How to synchronize datastreams in broadcastProcessFunction flink?

54 views Asked by At

im using flink 1.81.1 api on java 11 and im trying to use a BroadcastProcessFunction to filter a Products Datastream with a brand autorized Datastream as broadcast.

So my first products Datastream contains different products that has a field brand and my second brands Datastream contains only brands that should be allowed .

The problem is that when my products comes to processElement of the BroadcastProcessFunction , the brandState is not yet full of the brands Datastream records, for example i have 4800 brands in my brands DataStream but when the products goes to processElement, the brandState only contains few of them (like 200 brands) , and this is causing problems because i have products which will not be allowed because their brands are not uploaded yet in the brandState

Here is my BroadcastProcessFunction

public class GateCoProcess extends BroadcastProcessFunction<CrawlData, Brand, CrawlData> {
    private final MapStateDescriptor<String, Boolean> broadcastStateDescriptor;


    public GateCoProcess(MapStateDescriptor<String, Boolean> broadcastStateDescriptor) {
        this.broadcastStateDescriptor = broadcastStateDescriptor;

    }
    @Override
    public void processElement(CrawlData value, ReadOnlyContext ctx, Collector<CrawlData> out) throws Exception {
        ReadOnlyBroadcastState<String, Boolean> brandState = ctx.getBroadcastState(broadcastStateDescriptor);

        if (brandState.contains(value.data.product.brand)) {
            out.collect(value);
        }
    }
    @Override
    public void processBroadcastElement(Brand brand, Context ctx, Collector<CrawlData> out) throws Exception {
        BroadcastState<String, Boolean> brandState = ctx.getBroadcastState(broadcastStateDescriptor);
        if (brand.active) {
            brandState.put(brand.getName(), true);
        }
    }
}

and here is my Datastreams and call of the function

final StreamExecutionEnvironment env = StreamExecutionEnvironment.getExecutionEnvironment();

        DataStream<Brand> brands = env.fromSource(KafkaSources.brandsSource, WatermarkStrategy.noWatermarks(), "gatebrand-cdc-records");

MapStateDescriptor<String, Boolean> broadcastStateDescriptor = new MapStateDescriptor<>(
                "broadcastState",
                BasicTypeInfo.STRING_TYPE_INFO,
                BasicTypeInfo.BOOLEAN_TYPE_INFO);

BroadcastStream<Brand> broadcastStream = brands.broadcast(broadcastStateDescriptor);

// integration is the products Datastream
DataStream<CrawlData> integration = ExtractData.extractProducts(env);

DataStream<CrawlData> filtered = integration.connect(broadcastStream).process(new  GateCoProcess(broadcastStateDescriptor));

env.execute("mon job de products");


What should i do to get around this problem ? thanks

i tried using watermarks but with no result , my classes are not with timestamps

1

There are 1 answers

2
kkrugler On

This is the cold-start problem, where you can't control the order in which records from different streams reach an operator.

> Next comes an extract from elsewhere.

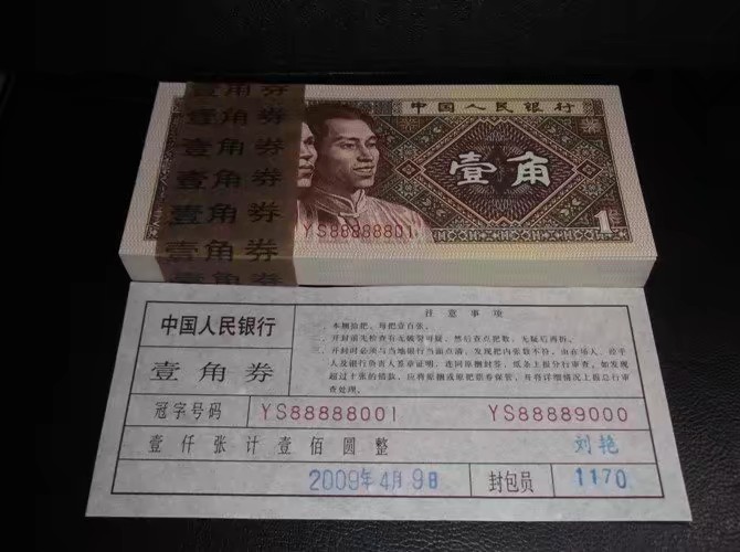 最后普及一个纸币方面的小知识,在本文中也提过,纸币的数量单位,一般来说,除了单张纸币外,一刀是100张连号,一捆是1000张连号,一条是5000张连号,5元以下的一包是四万张,5元以上的一包是10000张,包是银行内部储存纸币单份的最大单位。

One simple approach is to add a --coldstart flag to your workflow. This assumes that you are correctly saving the brands data in your broadcast state.

When set, you use a dummy source (no data generated) for your products DataStream. Start the workflow, and wait for all of your brands stream to get stored in state. Then stop the workflow with a savepoint, and re-start it from that savepoint without the --coldstart flag.

Another approach, which can be a bit harder and less deterministic, is that when your broadcast function gets a product record that don't have a matching brand (which means it would get filtered), you save it in state with a timer, so that you wait some amount of time just in case there's a late-arriving brand that would mean it shouldn't get filtered. If that happens, you emit it (don't filter it) and clear it from state. When the timer fires, you purge that record from state, which means you're assuming there's going to be no matching brand, and thus it should get filtered.